# [Problem to solve]
Reproduce the lines below exactly, from the one containing "13. Po ominięciu" through the one containing "with a crisp", both included. Leave out any pictures.

# [Data]
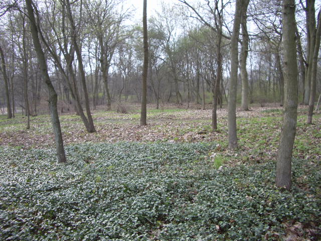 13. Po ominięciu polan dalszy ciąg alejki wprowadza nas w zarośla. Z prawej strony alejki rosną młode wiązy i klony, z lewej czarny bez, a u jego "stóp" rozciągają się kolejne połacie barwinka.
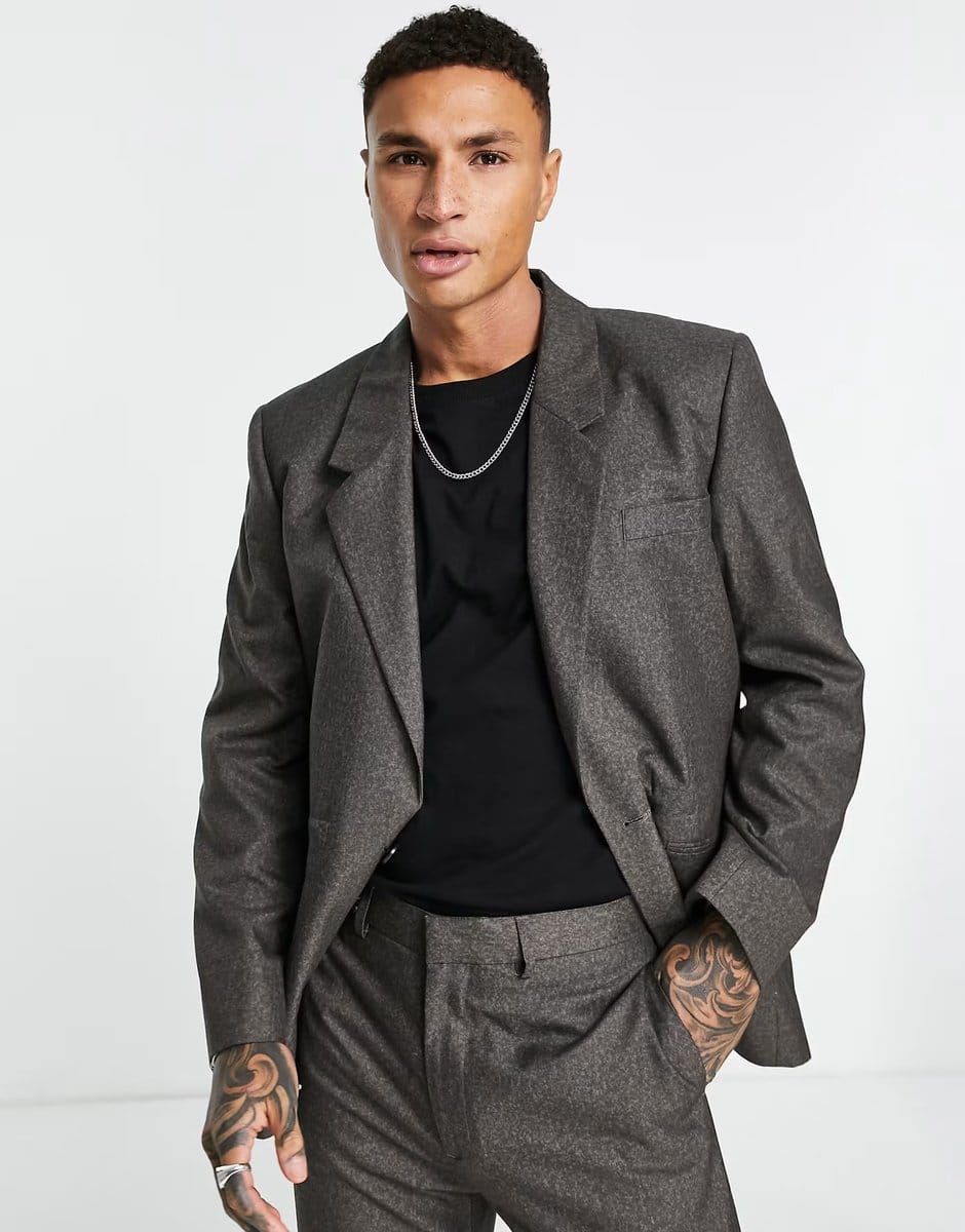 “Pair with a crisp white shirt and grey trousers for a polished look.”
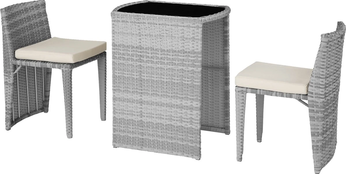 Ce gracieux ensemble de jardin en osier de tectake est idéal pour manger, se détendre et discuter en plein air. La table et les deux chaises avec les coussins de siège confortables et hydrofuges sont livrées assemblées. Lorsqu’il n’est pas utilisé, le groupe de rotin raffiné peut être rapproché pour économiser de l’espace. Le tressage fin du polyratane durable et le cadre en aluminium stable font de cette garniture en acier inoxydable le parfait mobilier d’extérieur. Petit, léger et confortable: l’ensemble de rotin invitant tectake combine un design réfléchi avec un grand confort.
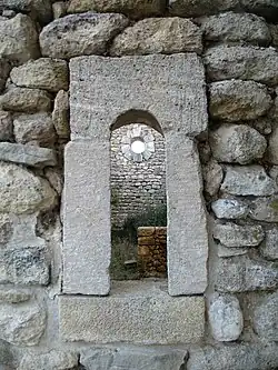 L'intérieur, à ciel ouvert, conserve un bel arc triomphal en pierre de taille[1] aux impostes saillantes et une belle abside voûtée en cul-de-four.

==

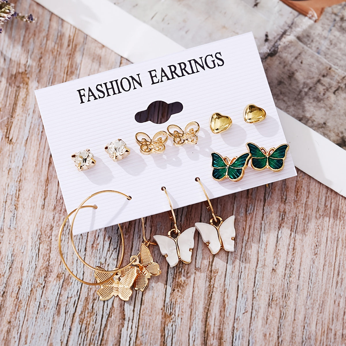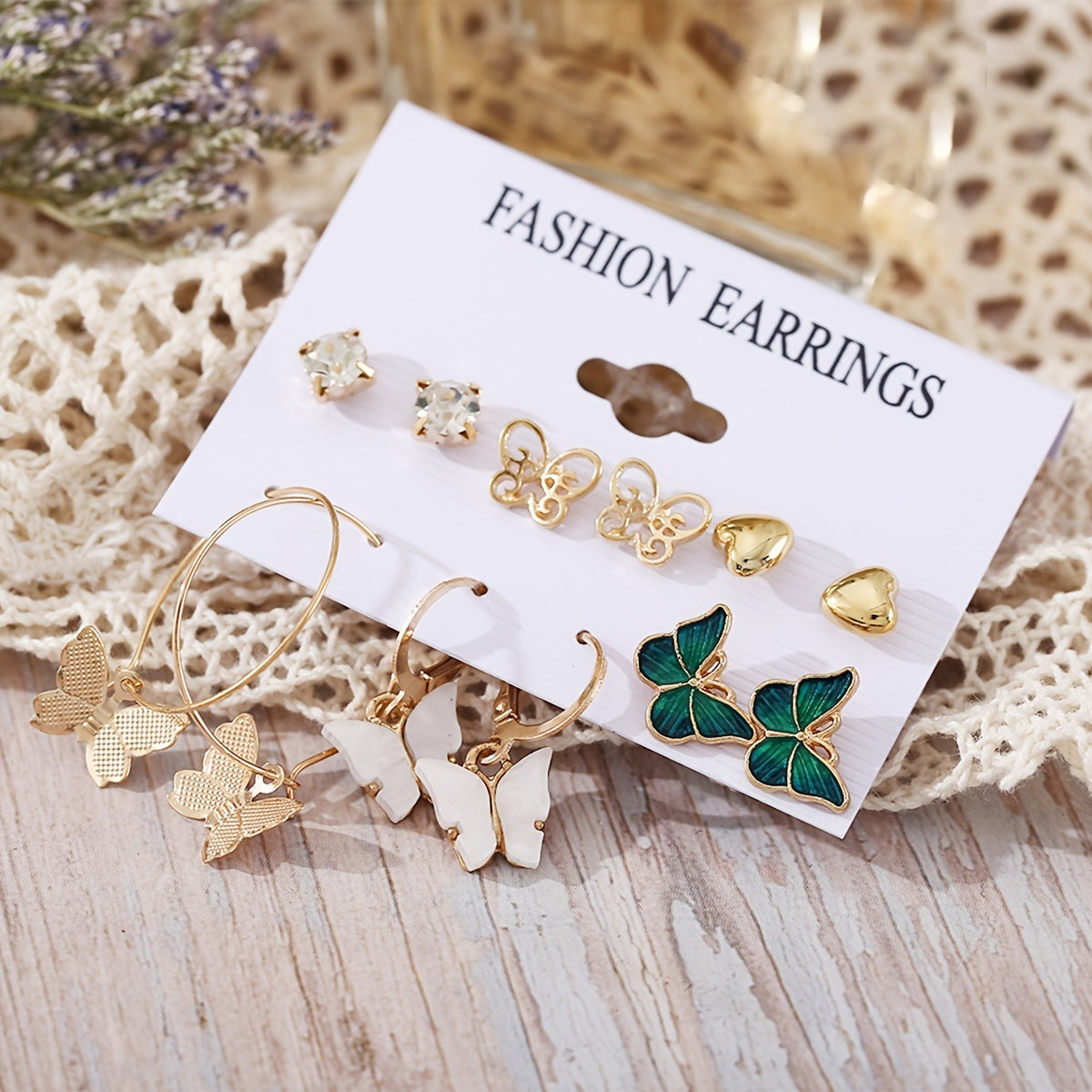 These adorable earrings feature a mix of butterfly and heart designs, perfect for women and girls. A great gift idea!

# [Solution to the exercise]
 13. Po ominięciu polan dalszy ciąg alejki wprowadza nas w zarośla. Z prawej strony alejki rosną młode wiązy i klony, z lewej czarny bez, a u jego "stóp" rozciągają się kolejne połacie barwinka.
 “Pair with a crisp white shirt and grey trousers for a polished look.”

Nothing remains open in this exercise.